I never got the chance to call Yolanda or even to finish my sentence.

A ripple passed over Lola’s skin, and I was face to face with a living, breathing monster. I choked on a scream, stumbling backwards as the human fell away to reveal a creature from someone’s worst nightmares. It was gaunt like it had been starved, its bones pushing against its skin so that the outline of the skull could be clearly seen through the tattered skin of the face. The skin was grey as a corpse’s, and the faint whiff of decay that had entered the room with Lola was abruptly overpowering, gagging me. The creature’s lips were torn and bloody, and there were open sores and wounds all over its flesh.

With a screech, it lunged at me, jaws gaping, displaying sharp, pointed black teeth. I swear, in that instant, I thought it wasn’t merely trying to attack me—it was going to devour me.

Survival instinct—fight or flight—took over. I had nowhere to go, being trapped between the creature and the wall behind me, but even if I had I couldn’t leave Carter, lying there helpless, still passed out from his meds.

My arm holding the syringe came up. It was the only weapon I had and I slammed it, needle first, into the creature’s shoulder. My thumb automatically pressed down onto the pump, sending a full dose of whatever was in the syringe into the creature. Obviously I didn’t know what she had planned to give Carter, but I guess I was hoping maybe the jolt of the needle would at least give it pause until I could scream for help, open the door—do something.

The needle did more than give it pause.

In an instant, a ripple passed over the creature’s grey skin and Lola stood before me. Her cheeks had paled, and she clasped a hand to her shoulder, pulling the syringe out. She dropped it on the floor, covering the wound with her fingers.

“What have you done?” she panted.

I couldn’t talk. My tongue, my throat, were frozen. I gaped at her with wide eyes. The abrupt transforming back and forth were almost too much for my brain to process.

She wavered on her feet, swayed, caught herself with a hip against the bed railing.

The jolt, the noise was enough for Carter’s eyelids to crack open. His head turned and he saw Lola. A dark look passed over his features as he bolted upright in bed.

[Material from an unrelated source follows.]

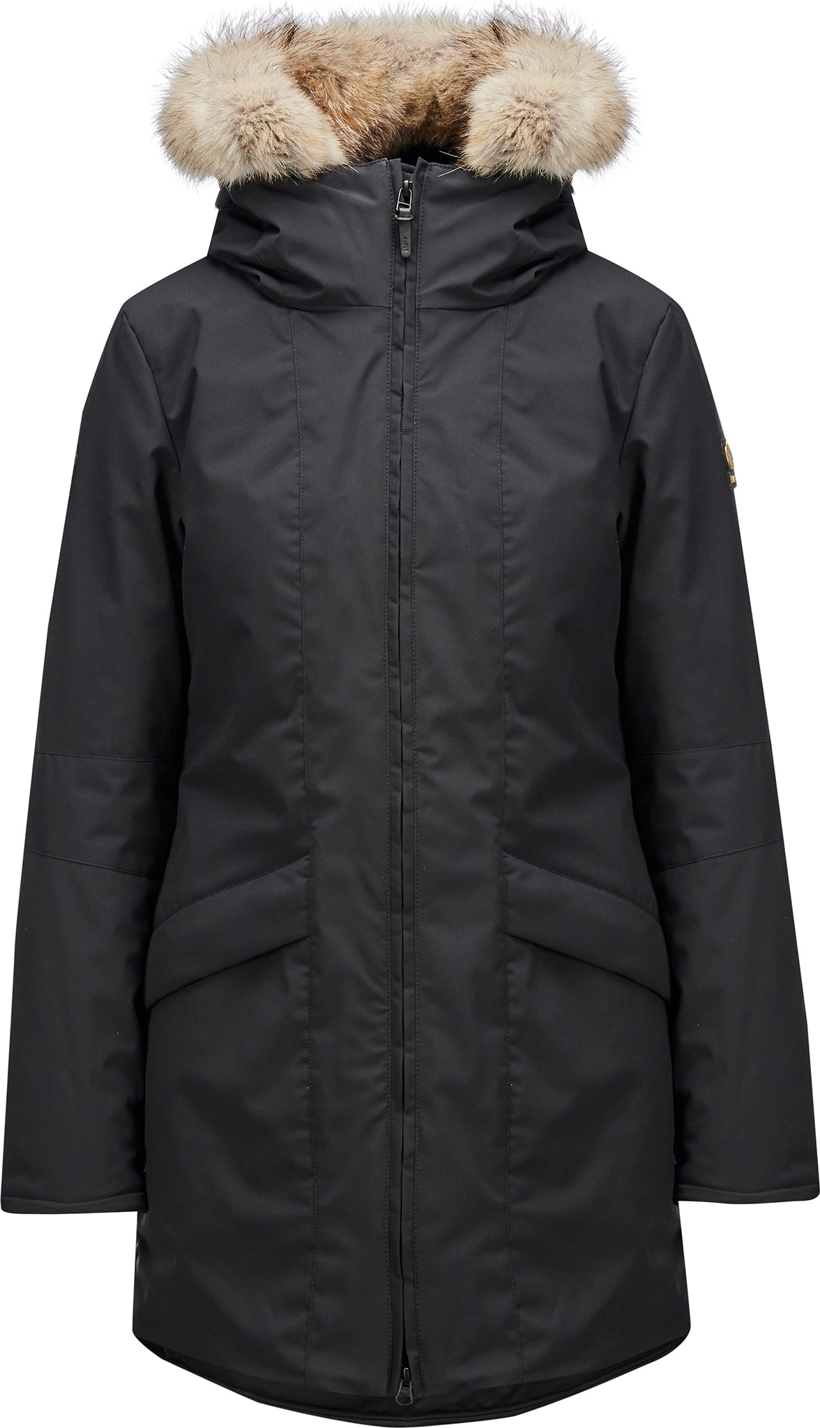 This versatile thigh-length coat makes a sleek understatement with its flattering profile and tailored seaming. It’s crafted from our wind-resistant, fabric and flexible, compact Thermo+ Comfort insulation to keep you warm and dry in the city without bulk. The attached hood with removable fur adds warmth and style.

“Wendigo,” he snarled, and then the same ripple that had passed over Lola passed over him, as well. The patient in the bed was gone and the Talos was there. The bandages burst, the IV falling from his arm as he clambered out of bed.

Lola either figured it was time to leave, or else whatever was in the syringe was having a swift, deadly effect. Maybe that, plus the emergence of the Talos, were too much for her to face, despite her shifter alter. She stumbled away from the Talos and limped towards the door, one leg dragging behind her.

Carter charged, but I threw myself in front of him, afraid of him getting into a physical altercation and ripping his stitches, worsening his wound. Afraid of him fighting with Lola. Afraid of more bodies left behind that could be tied to us.

“She’s already wounded,” I said, my hands on the Talos’ bronze chest. “I injected her with whatever she was going to inject into you. It had an immediate effect. She’s not going to get far, not without an antidote. Please, Carter, don’t fight and hurt yourself worse. We have to get out of here.”

The Talos pressed against me, like it was going to move me out of the way, but Lola had opened the door by this point. I turned my head in time to see her stumble out. The door fell shut behind her, the stench of death, the odor of decay fading with her exit.

 

 

Chapter Eleven

 

 

“We have to get out of here.”

Ellie’s words reverberated in his brain, but took a minute to sink in. The Talos’ first instinct was to move Ellie out of the way, go after the wendigo and snap her neck. Keep her from being a threat to Ellie or anyone else ever again.